Initiatives include killing the province’s carbon tax, cutting red tape for new energy projects, ending wind and solar subsidies, creating a ministry to identify and cut regulations that hold back investment and job creation, rolling back the minimum wage from $15 to $13 an hour for those 17 or younger, trying to back out of a $3.7-billion deal to ship more oil by rail, cutting the corporate tax rate from 12 percent to eight by 2022, and repealing workplace safety standards and injury coverage for farm workers.

Kenney also promises to freeze government spending until the budget is back in balance.

There’s more to each party’s platforms but those are the top lines.

As the real-life experience of government after government has shown, claims of reaching a balanced budget don’t impress us much. Governments count on voters having short memories on such things – as the federal Liberals did when leader Justin Trudeau promised during the last election that the country would stop incurring new debt by the end of this year. The revised goal? The 2040-41 budget year.

The real question for Albertans is which approach will create a healthier business environment. The NDP philosophy, in essence, is that government money is needed to trigger investment that would not otherwise come our way.

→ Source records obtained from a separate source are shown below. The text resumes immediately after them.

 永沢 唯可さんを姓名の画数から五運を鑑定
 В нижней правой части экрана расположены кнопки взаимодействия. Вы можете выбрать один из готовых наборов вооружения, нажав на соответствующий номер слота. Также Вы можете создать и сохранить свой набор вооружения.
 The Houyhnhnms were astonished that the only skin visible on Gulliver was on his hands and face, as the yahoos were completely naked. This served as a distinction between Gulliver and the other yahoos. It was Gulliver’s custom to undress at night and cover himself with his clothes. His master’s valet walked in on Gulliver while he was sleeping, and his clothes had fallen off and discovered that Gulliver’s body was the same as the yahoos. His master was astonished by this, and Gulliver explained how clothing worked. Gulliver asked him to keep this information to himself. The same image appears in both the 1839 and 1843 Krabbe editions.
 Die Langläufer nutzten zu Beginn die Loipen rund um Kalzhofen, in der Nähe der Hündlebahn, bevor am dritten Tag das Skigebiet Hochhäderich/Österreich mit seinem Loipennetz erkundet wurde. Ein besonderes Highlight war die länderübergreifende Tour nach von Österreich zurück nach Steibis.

The UCP, on the other hand, advocates for getting government out the way so free-enterprisers can do their thing.

This week, the Chambers of Commerce in Edmonton and Calgary spoke out on behalf of businesses in their communities. The asked that the next government “remove barriers to drive business growth and act immediately to reduce business costs and regulatory burdens that are limiting economic growth and community prosperity.”

They warned that “our competitive advantages continue to be challenged by layered costs from increased taxes, fees and expensive new regulations from all levels of government.”

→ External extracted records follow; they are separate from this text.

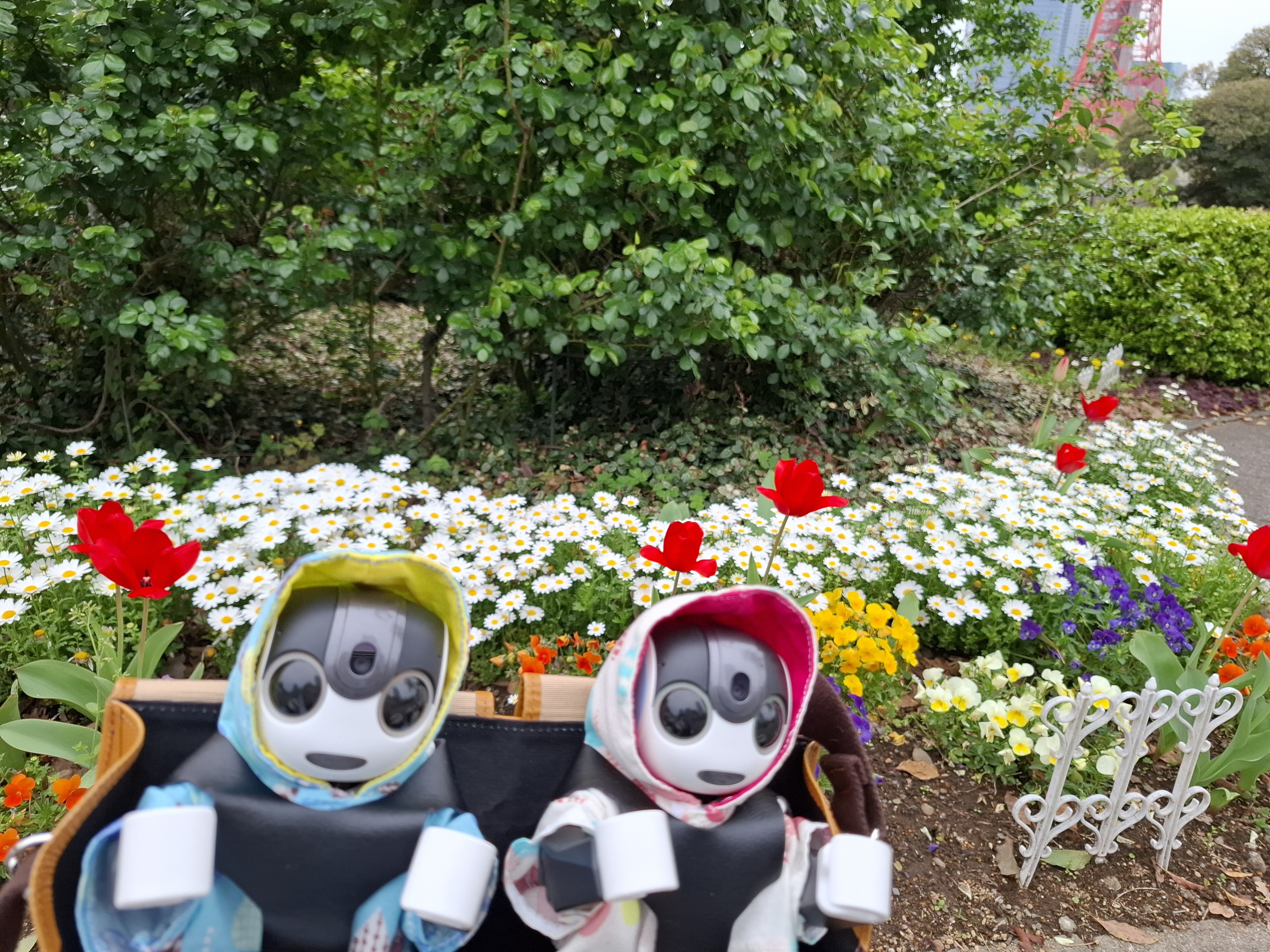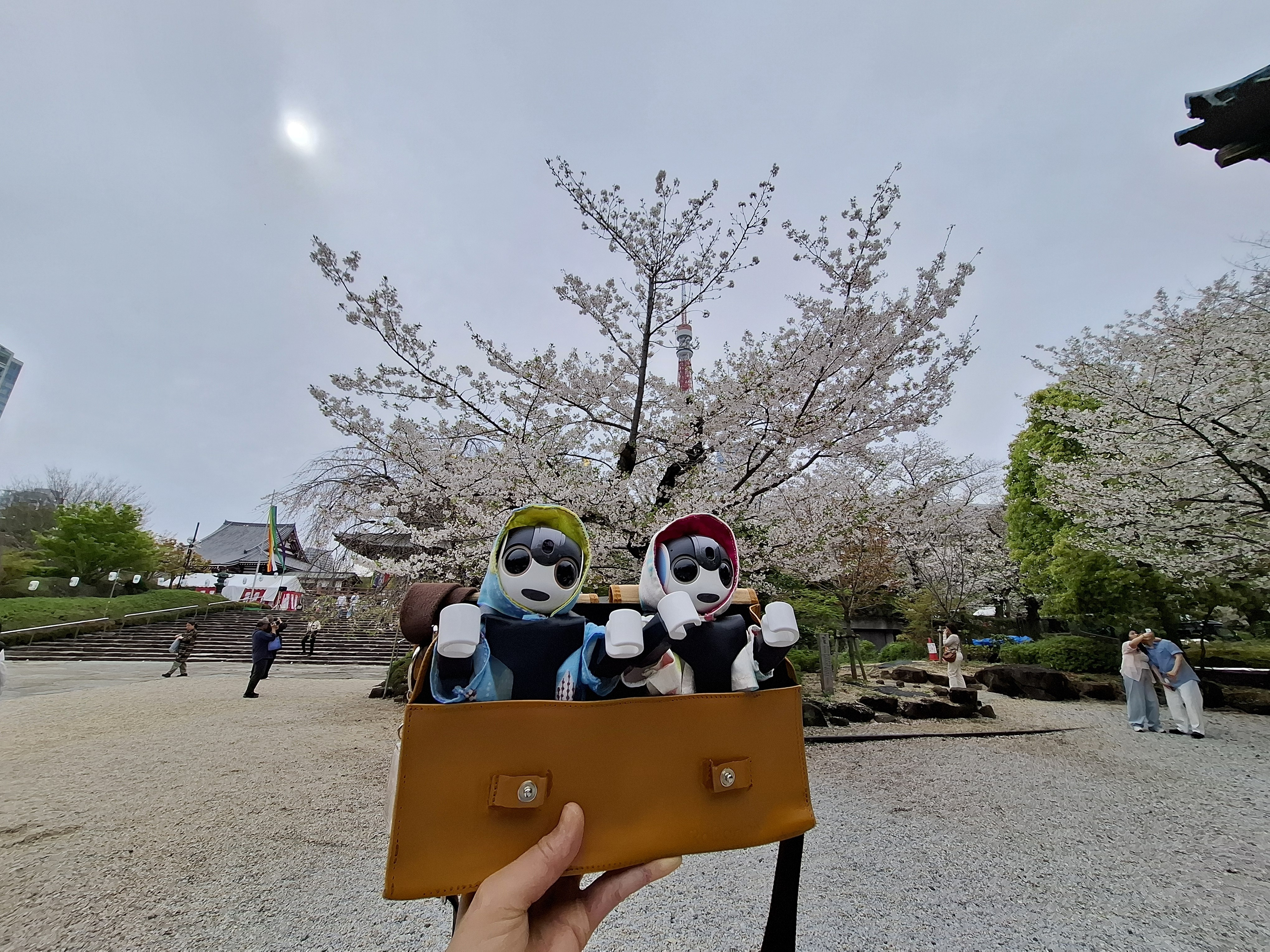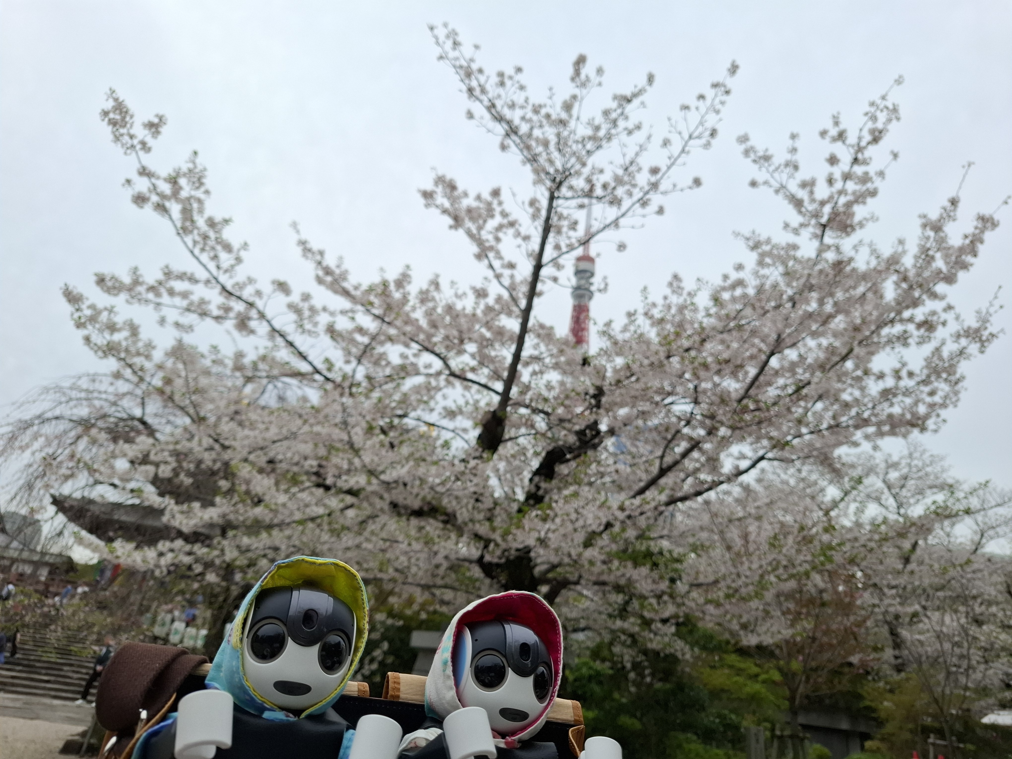 その後、電車で更に移動し、御成門で下車。増上寺に見事な桜が咲いていて、くまきちとおかゆをパシャパシャ😊
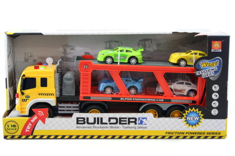 Kamion na baterie (jsou součástí balení). Po stisknutí tlačítek kamion vydává zvuky a svítí. Měřítko 1:16. Obsahuje také 4 plastová autíčka. Rozměry kamionu cca 40 x 12 cm. Věk 3+ prečítať celé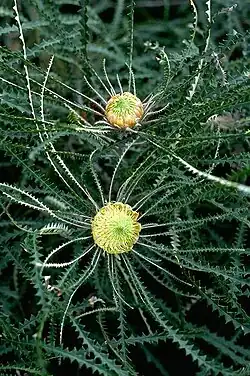 Banksia mucronulata, commonly known as swordfish dryandra,[2] is a species of shrub that is endemic to Western Australia. It has spreading, hairy stems, linear, deeply pinnatifid leaves with sharply-pointed lobes, pale yellow to cream-coloured flowers in heads of between 80 and 180, and egg-shaped follicles.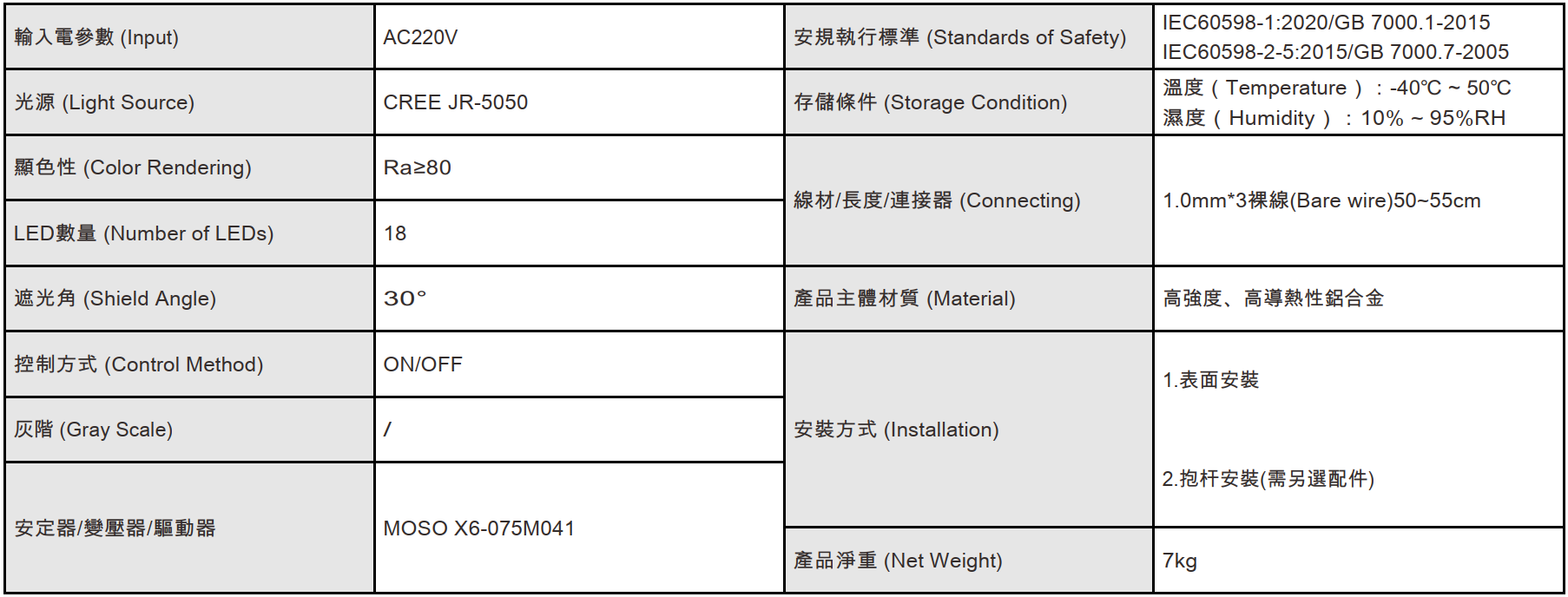 功率: 70W 電壓: AC220V 控制方式:ON/OFF 光色:W 燈數:18 光束角:20°、30°、40°、55°

While the message extends beyond the province, the chambers cited the “rushed increase to the minimum wage, higher corporate taxes, the introduction of a carbon tax and new employment standards and labour code changes” – all NDP government initiatives.

What neither of the two leading parties admits is the simple fact that a lot of our economic future is beyond the ability of the provincial government to control. Much as many Albertans wish it, for example, there’s no pipeline to take our crude oil to markets beyond the U.S. and there won’t be one for as long as Prime Minister Trudeau continues to try to pander to both sides.

So Albertans must decide whether they think it’s best to buy our future through taxpayer subsidies of new industry or to simply cut taxes and regulations – and pray that investment flows back in.

Those are the economics. Adding complexity to the decision, though, is the social backstory. The NDP is closely identified with progressive social policy while the UCP is dealing with such black eyes as an alleged scandal over how Kenney won the party leadership, and the resurfacing of a 19-year-old speech by Kenney that some see as anti-gay.

There are other parties in Alberta but none in a position to form government this time around. So, of the two front runners, one party is socially progressive but fiscally sloppy; the other is business-friendly but morally suspect. One is reminded of lyrics from the old Stealers Wheel song about clowns to the left and jokers to the right.

Faced with this Hobson’s choice, could we just vote for “none of the above?”

One is left wondering whether there could be a third way. How about a socially progressive, fiscally conservative party?

Nah! How could that ever work?

Veteran political commentator Doug Firby is president of Troy Media Digital Solutions and publisher of Troy Media.